NEW YORK (Reuters) - After a series of failed takeover attempts and accounting scandals, Computer Sciences Corp is attracting potential activist investors looking to take advantage of a weak share price to push for a breakup.
The $4.5 billion market cap company’s shares have dropped 40 percent so far this year to below $30, valuing it at a steep discount to peers.
Its government services business faces an uncertain outlook amid prospective cuts in U.S. government spending, dragging down the value of its higher growth Information Technology services.
Adding to its problems, Computer Sciences is also caught up in an accounting investigation, shareholder lawsuits and a long dispute with the U.K. National Health Service regarding alleged delays in developing healthcare IT systems.
Activist investors are doing the math, evaluating a breakup and other ways to boost Computer Sciences’ sagging share price, people familiar with the situation said. But Computer Sciences is aware of the pressure and has been reviewing it options as well, the people added.
Representatives for Computer Sciences declined comment.
Computer Sciences has been a target of multiple takeover attempts in the past and investors and potential buyers have long bet that separating the Falls Church, Virginia-based company’s commercial IT services from its government services could boost value.
Its North American Public Sector, which provides outsourcing and consulting services to the Defense Department and other federal agencies, accounts for a little more than a third of its revenues.
The rest comes from data-center outsourcing and developing enterprise software applications. Computer Sciences’ revenues totaled $16.2 billion in the 12 months ended July 1, 2011.
The company trades at about 6 times its earnings. Accenture Public Ltd Co, a close competitor in terms of size, scale and reach, trades at about 17 times earnings, said Morningstar analyst Swami Shanmugasundaram.
Shanmugasundaram said the commercial business has a higher growth profile and better margins than the government business, and splitting them up would “definitely” be good for shareholders.
“Because of its growth profile and execution issues ... I do expect CSC to trade at a discount (to peers), but this is too much of a discount,” he said.
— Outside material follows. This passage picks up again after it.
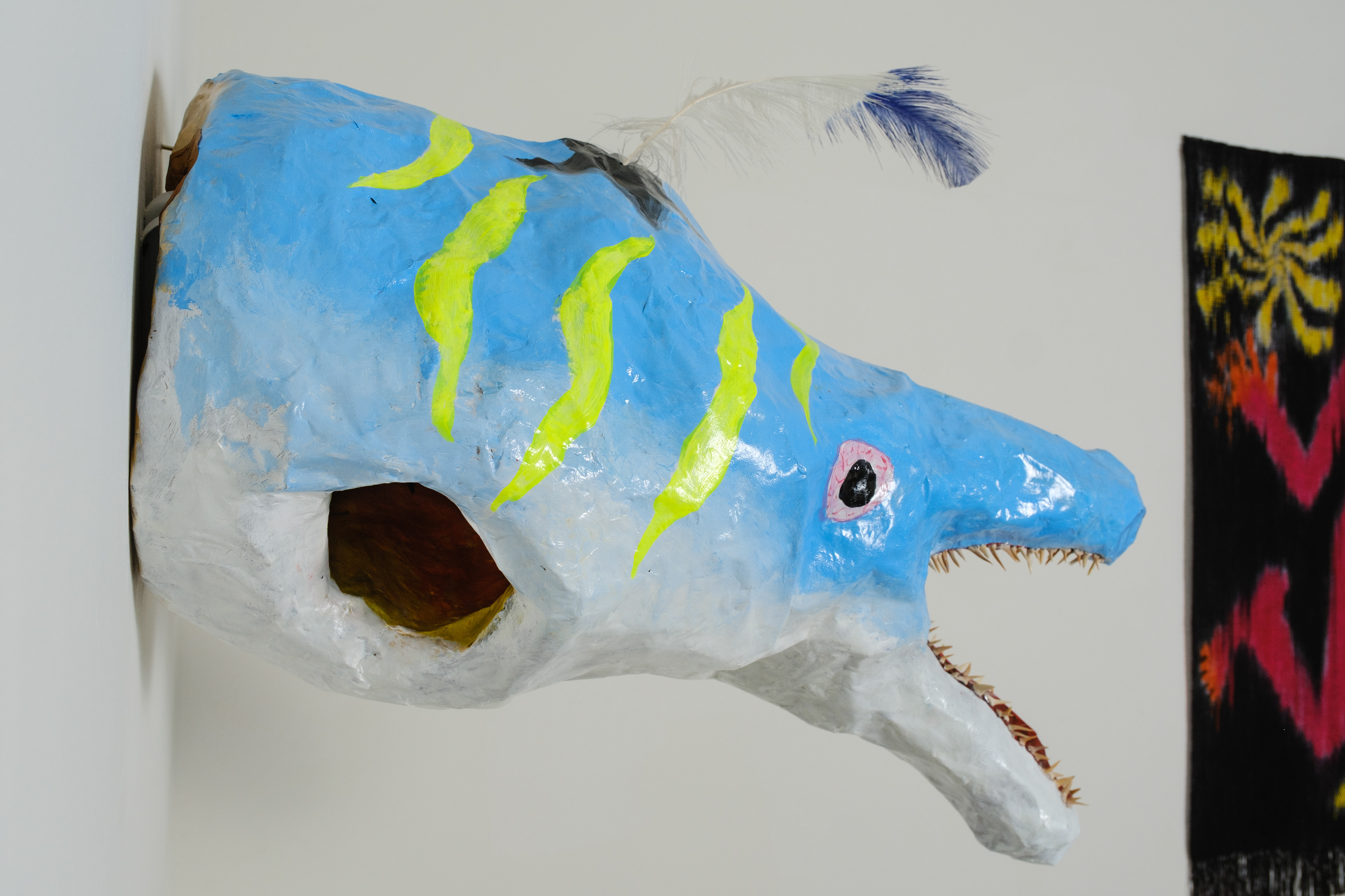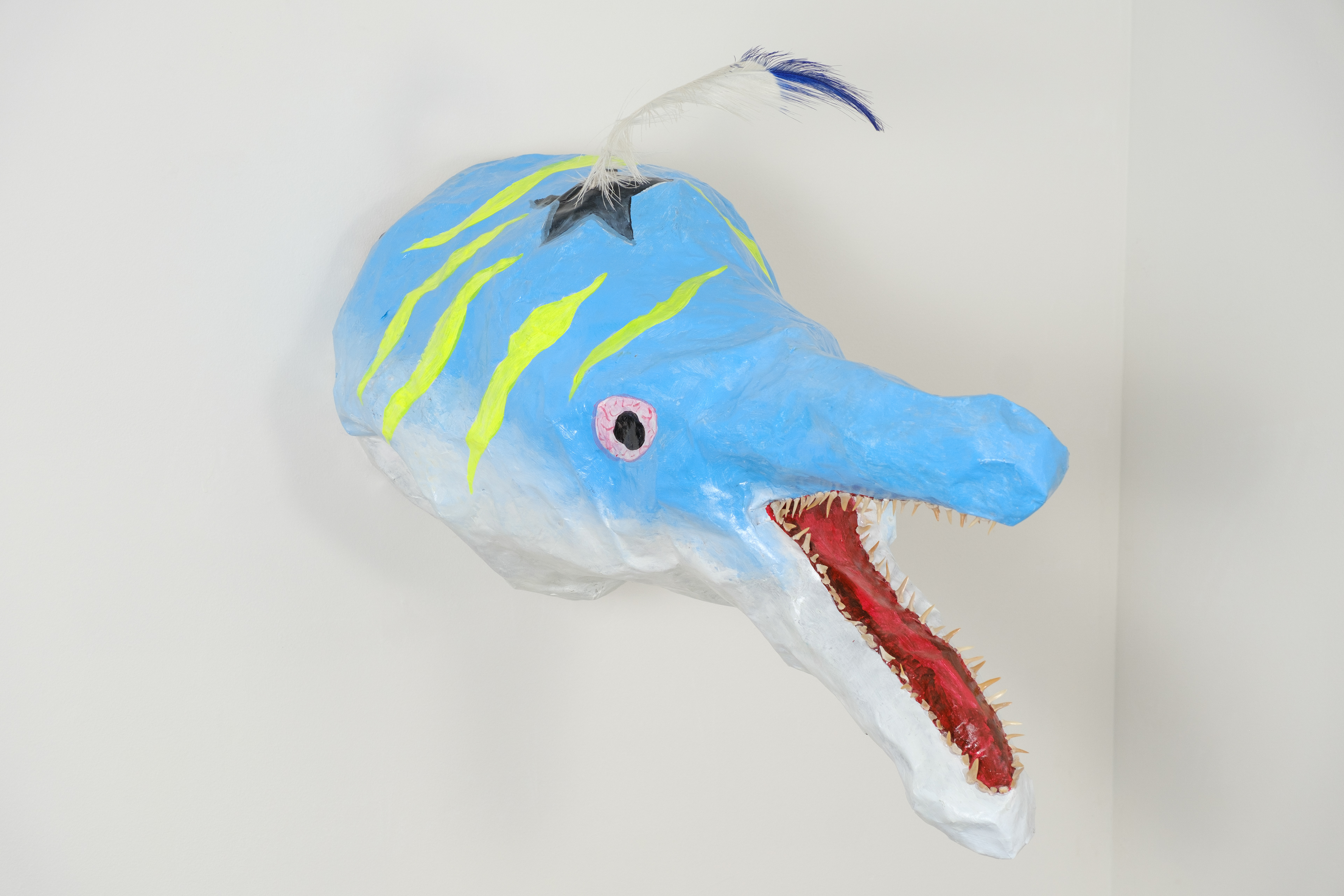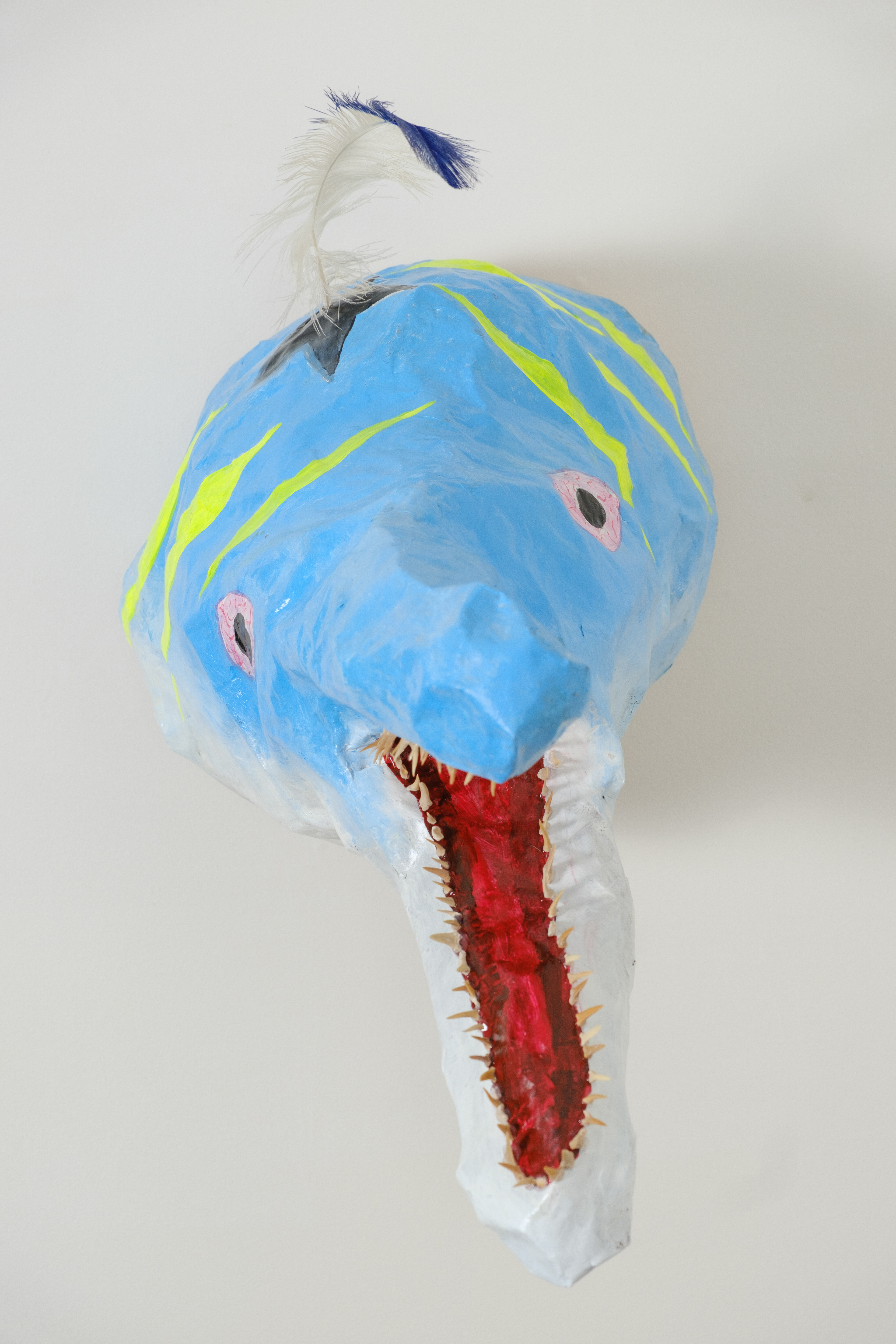 Paper mache, ostrich feather, fossilized shark teeth

People familiar with Computer Sciences management’s thinking said the company believes the two units belong together and it wants to sort out several pending issues before determining its strategic direction.
The U.S. Securities and Exchange Commission is in the middle of a probe related to Computer Sciences’ accounting errors, which primarily involve accounting irregularities in Europe’s Nordic region.
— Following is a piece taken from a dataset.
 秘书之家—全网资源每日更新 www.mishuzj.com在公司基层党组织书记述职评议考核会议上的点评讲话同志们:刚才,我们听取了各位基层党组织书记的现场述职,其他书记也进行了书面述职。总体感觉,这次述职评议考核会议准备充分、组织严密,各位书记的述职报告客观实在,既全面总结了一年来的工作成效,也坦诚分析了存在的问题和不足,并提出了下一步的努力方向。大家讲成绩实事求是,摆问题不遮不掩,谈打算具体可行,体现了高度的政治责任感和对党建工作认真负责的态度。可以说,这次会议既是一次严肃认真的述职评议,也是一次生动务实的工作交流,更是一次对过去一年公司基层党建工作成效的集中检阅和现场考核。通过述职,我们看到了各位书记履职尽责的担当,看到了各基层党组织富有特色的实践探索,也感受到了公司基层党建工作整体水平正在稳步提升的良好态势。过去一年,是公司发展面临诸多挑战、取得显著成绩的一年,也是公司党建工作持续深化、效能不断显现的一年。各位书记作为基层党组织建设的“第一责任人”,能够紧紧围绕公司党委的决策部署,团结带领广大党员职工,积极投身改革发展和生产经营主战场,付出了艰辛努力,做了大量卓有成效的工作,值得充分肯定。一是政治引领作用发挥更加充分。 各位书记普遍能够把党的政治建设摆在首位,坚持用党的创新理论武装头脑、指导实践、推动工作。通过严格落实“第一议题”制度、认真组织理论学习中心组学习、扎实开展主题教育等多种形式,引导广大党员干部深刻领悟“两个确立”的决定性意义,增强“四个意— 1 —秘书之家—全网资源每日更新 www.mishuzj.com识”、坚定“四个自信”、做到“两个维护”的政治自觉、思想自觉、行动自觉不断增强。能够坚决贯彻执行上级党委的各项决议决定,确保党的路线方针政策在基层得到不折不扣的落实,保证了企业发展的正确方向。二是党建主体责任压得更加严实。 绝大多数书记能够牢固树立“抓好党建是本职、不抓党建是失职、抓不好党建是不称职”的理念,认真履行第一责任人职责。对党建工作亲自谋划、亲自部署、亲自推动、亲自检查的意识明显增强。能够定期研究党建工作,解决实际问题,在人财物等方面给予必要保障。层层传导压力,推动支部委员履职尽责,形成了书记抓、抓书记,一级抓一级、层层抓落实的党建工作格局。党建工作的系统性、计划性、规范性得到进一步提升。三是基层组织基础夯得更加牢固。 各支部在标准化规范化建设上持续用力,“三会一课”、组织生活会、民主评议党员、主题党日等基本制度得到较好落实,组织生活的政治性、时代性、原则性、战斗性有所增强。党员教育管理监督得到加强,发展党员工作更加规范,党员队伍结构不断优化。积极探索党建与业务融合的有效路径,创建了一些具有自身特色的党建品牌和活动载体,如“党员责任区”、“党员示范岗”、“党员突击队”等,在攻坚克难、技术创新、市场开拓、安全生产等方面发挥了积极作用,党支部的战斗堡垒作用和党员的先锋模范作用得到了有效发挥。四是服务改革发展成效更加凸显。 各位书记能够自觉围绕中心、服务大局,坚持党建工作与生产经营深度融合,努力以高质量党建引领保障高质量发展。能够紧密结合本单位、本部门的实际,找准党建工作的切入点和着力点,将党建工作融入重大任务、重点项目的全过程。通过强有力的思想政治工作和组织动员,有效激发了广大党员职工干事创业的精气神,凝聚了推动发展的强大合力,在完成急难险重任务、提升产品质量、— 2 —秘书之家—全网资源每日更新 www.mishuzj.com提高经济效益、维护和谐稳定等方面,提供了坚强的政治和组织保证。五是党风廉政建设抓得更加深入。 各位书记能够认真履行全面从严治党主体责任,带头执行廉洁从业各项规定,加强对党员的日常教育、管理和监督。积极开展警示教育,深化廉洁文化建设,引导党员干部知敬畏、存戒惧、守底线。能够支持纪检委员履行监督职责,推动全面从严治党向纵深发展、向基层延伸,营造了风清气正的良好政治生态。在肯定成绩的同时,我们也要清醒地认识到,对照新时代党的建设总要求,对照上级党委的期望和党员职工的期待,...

The issues could “divert management’s focus, result in substantial investigation expenses and have an adverse impact on the firm’s reputation and financial condition,” Computer Sciences has said in a statement.
The U.K. government, meanwhile, is reviewing whether a contract to install next-generation healthcare IT systems in the country should be continued after Computer Sciences allegedly missed deadlines. The company said this week it would likely meet the U.K. health agency in September to discuss the matter.
These challenges could prove a hurdle for any activists looking to buy into the company.
Activists would also have to wait it out if they launched a campaign either against the board, as all 10 Computer Sciences board members have been just reelected for a full year. The current board members have served long terms, with only four of the directors joining after 2007.
Over the last decade or so, private equity firms, big technology companies and prime defense contractors have looked at the company as a takeover target, but its presence in both the commercial and government sectors proved to be a hurdle.
In early 2006, Computer Sciences received an offer in the low $60s per share from a consortium of three private equity firms and a large technology company, the sources said.
But Chief Executive Van Honeycutt wanted at least $65 per share and rejected the bid, they said.
Lockheed Martin Corp was also interested at the time, but was not prepared to buy the entire company and its efforts did not gain traction, these people said.
In 1998, Computer Associates -- now known as CA Technologies -- unsuccessfully made a hostile $9.8 billion takeover bid for Computer Sciences.
It is unclear if any of these or other potential buyers would still be interested. Hewlett Packard Co bought Computer Sciences competitor EDS for $13.9 billion in 2008, while others such as Dell Inc and Oracle Corp have different priorities for takeovers, sources said.
The sheer size of a deal would also be a challenge for private equity firms in the near term, sources said.
But if government and commercial businesses were separated in a tax-free spinoff, the two units would attract more buyers, the sources said.
“If the company is really going to earn what Wall Street thinks it’s going to earn, it is extremely attractive from a value perspective,” a source said.
“That said, the company needs to reposition strategically and the question is: Can they get there on their own?”